Vitalii Cherepanov

Posted on May 1

RAG isn't memory. It's Ctrl+F with embeddings.

#ai #rag #softwareengineering #llm

Part 1 of 3 — "Memory for AI agents"
Deconstructing the long-term memory myth in LLM systems

Article

It's 3 AM. I'm on my third night debugging an AI agent. I'm standing in the kitchen with a mug of tea, staring at a diff, swearing quietly. The agent has confidently rewritten the auth function — based on a chunk that belongs to a branch that was deleted from the repo two months ago.

The chunk lives in Qdrant. Its cosine similarity to my query is high. Top-1 in the retrieval. The agent honestly grabbed it, honestly stitched it into the prompt, honestly generated the "correct" patch. Against code from a different reality.

I close the laptop and think: okay, I have RAG. I have vectors. I have long-term memory. I have everything every AI conference deck has been promising for the last two years. Why did my agent just propose a fix based on code that doesn't exist anymore?

Because my agent doesn't have memory. My agent has search results with cosine instead of BM25. And between those two sentences lies the entire difference between "AI you can trust in production" and "AI you have to babysit on every line."

This piece is about that difference.

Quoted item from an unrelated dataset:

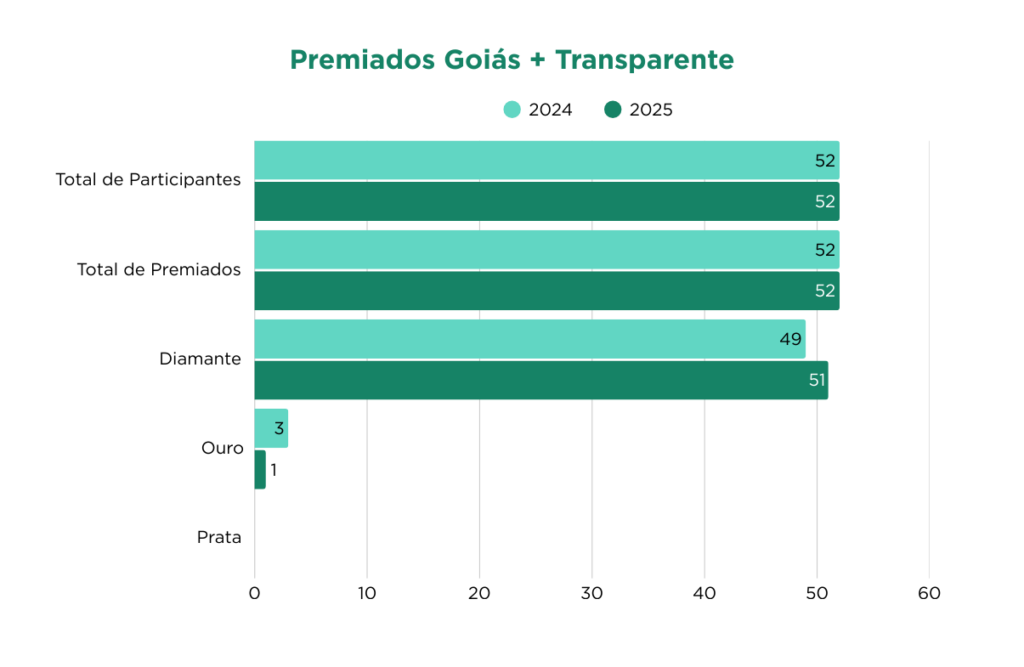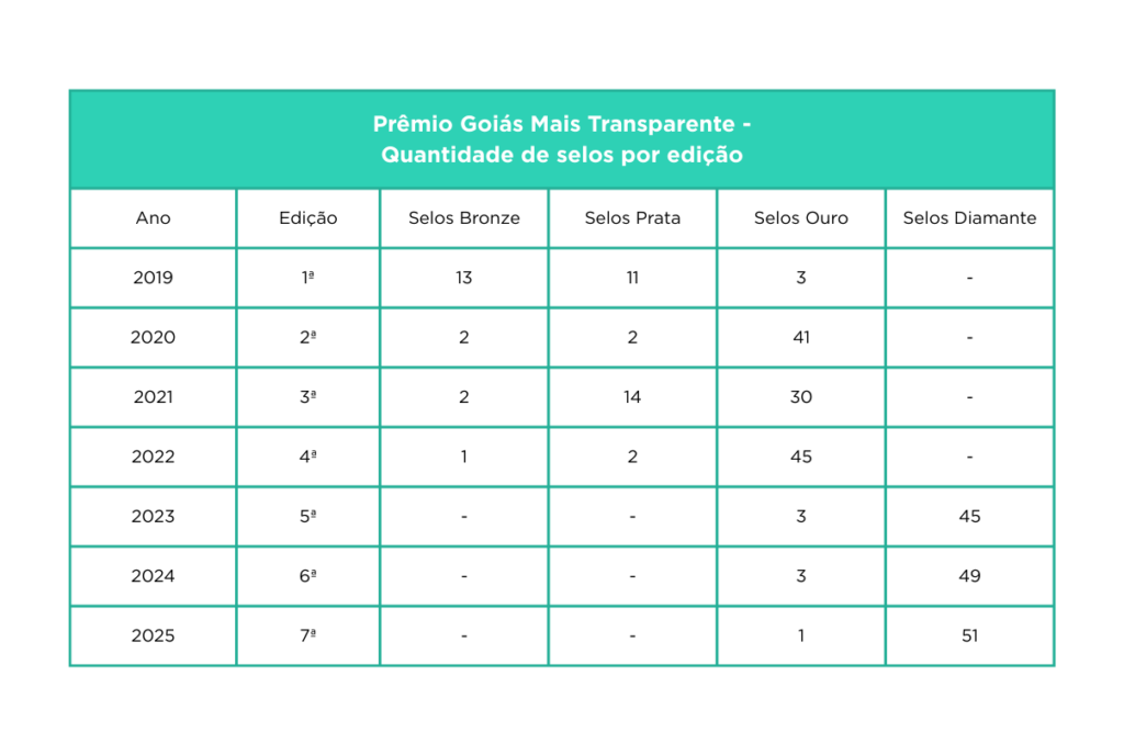 - Ao longo das 7 edições do Prêmio Goiás Mais Transparente ocorreu um expressivo aumento do nível de transparência dos órgãos e entidades avaliados, com aumento correspondente de selos diamante:

And about why we, as engineers, are the ones to blame for not seeing it anymore.

The devaluation of the word "memory"

Let's be honest. What is the typical "memory" of an AI agent in 2026?

text → split into 512-1024 token chunks
     → embedding (bge / text-embedding-3 / openai)
     → vector DB (Qdrant / pgvector / Chroma / Pinecone)
     → cosine similarity top-k
     → concatenate into prompt

This is not memory. This is search. It's old-school Lucene from 2003, repainted in neural colors. Cosine instead of TF-IDF. Embeddings instead of an inverted index. Same thing.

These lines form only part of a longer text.